L’équipe d’Emilie Dubois, Florence Pinet et coll. (Institut Pasteur de Lille, Inserm U 744, « Santé publique et épidémiologie moléculaire des maladies liées au vieillissement »), a recherché un marqueur biologique du RVG. Ils se sont fondés sur les possibilités données par les technologies de pointe, qui permettent l’examen du protéome et des altérations des expressions protéiques.

L’équilibre entre les kinases et les phosphatases.

Certains états pathologiques et notamment des maladies cardiovasculaires, peuvent s’accompagner de dérégulations de la phosphorylation. Par exemple, des études ont montré que l’équilibre entre les kinases et les phosphatases, qui cordonnent la phosphorylation des protéines de la contractilité du cardiomyocyte, est rompu dans l’insuffisance cardiaque. L’altération de la phosphorylation des protéines contractiles contribuant au défaut de fonction de la pompe cardiaque.

Les chercheurs français ont utilisé un modèle animal d’insuffisance cardiaque (un modèle d’infarctus du myocarde chez le rat, où l’induction d’un infarctus antérieur entraîne un RVG et une insuffisance cardiaque) et les technologies dites « phosphoprotéomiques » pour mettre en relation des profils de phosphorylation avec l’étendue du RVG.

Emilie Dubois et coll. se sont focalisés sur la troponine T car « la troponine T totale circulante est un biomarqueur établi des dommages myocardiques ; ses taux plasmatiques ont des implications pronostiques dans l’infarctus du myocarde et l’insuffisance cardiaque. » Ils ont ainsi découvert que le remodelage est associé à une réduction de la troponine T phosphorylée à la fois plasmatique et myocardique.

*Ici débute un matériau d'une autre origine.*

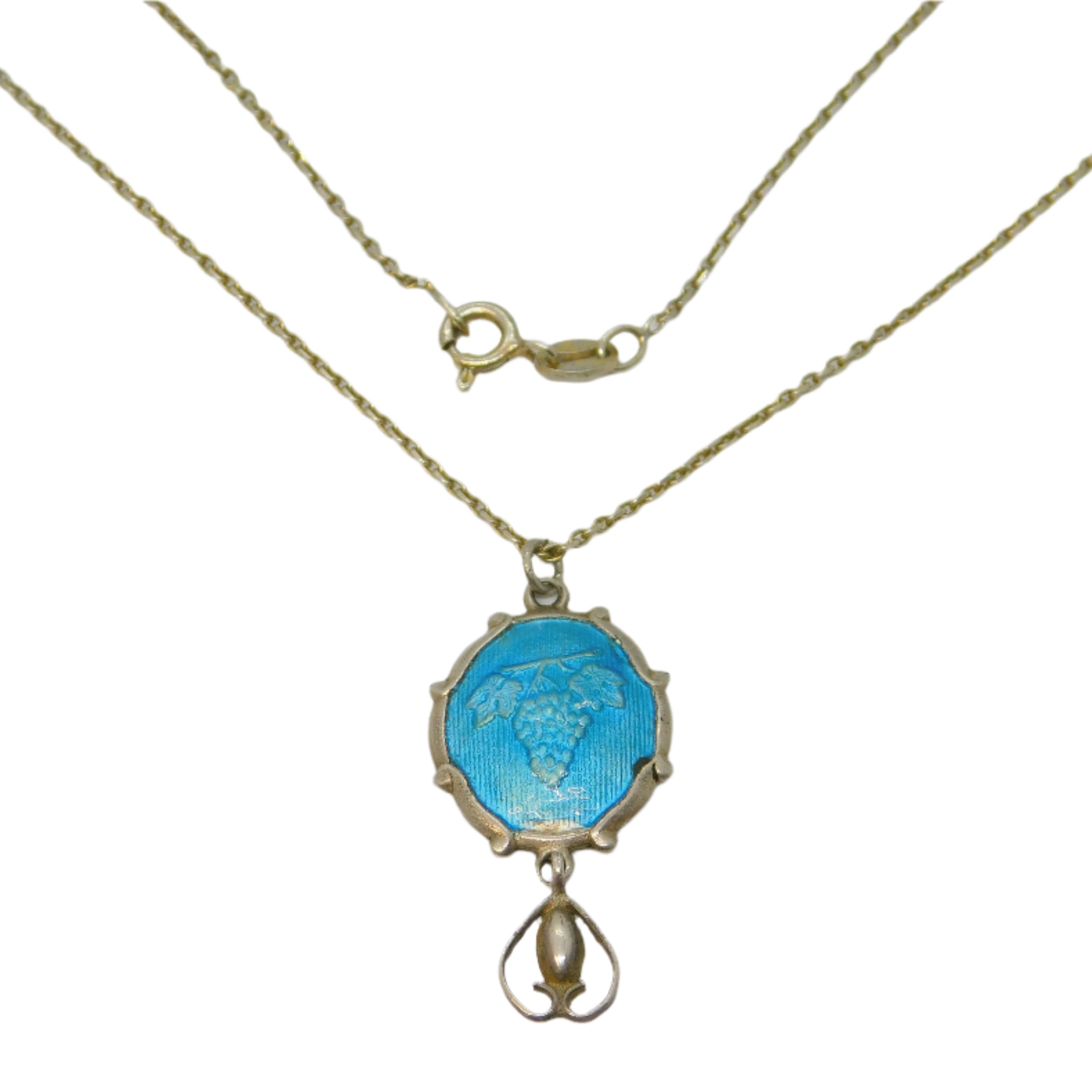 Charles Horner Sterling Silver Blue Enamel Drop Pendant Necklace Antique c1920

La poursuite de cette recherche a consisté à vérifier ces observations chez des patients. À cette fin, des anticorps polyclonaux spécifiques qui reconnaissent la troponine T phosphorylée murine et humaine ont été mis au point. Ils ont été testés chez 91 patients ayant souffert d’un infarctus et faisant partie d’une cohorte nommée « REVE » (REmodelage VEntriculaire). On a réalisé une analyse du plasma prélevé dans la première semaine après l’infarctus. On a comparé les chiffres avec l’ampleur du remodelage un an an plus tard (remodelage faible, intermédiaire ou important).

« Nous avons observé une réduction significative de la troponine T phosphorylée ainsi que du rapport troponine T phosphorylée/troponine T totale chez les personnes ayant un remodelage élevé ou intermédiaire. » Plus le patient présente un fort RVG, plus le niveau de phosphorylation observé est faible.

Les différences sont restées statistiquement significatives après ajustement pour les autres déterminants du RVG.

Troponine T phosphorylée circulante.

Les chercheurs posent maintenant l’hypothèse que le niveau de troponine T phosphorylée circulante pourrait constituer un nouveau biomarqueur aidant à augurer d’un RVG important dans le post-infarctus, et qui pourrait être utilisable en clinique.

Un brevet a été déposé avec Inserm-Transfert. Maintenant, il importe de confirmer ces résultats dans une cohorte de patients. On pourra chercher aussi à savoir si ce paramètre permet d’aider au pronostic de sévérité dans l’insuffisance cardiaque. Si cela se confirmait, les cliniciens disposeraient d’une méthode non invasive et peu onéreuse pour évaluer l’échelle de risque dans le post-infarctus ou l’insuffisance cardiaque, soulignent les auteurs.

European Heart Journal, 26 avril 2010.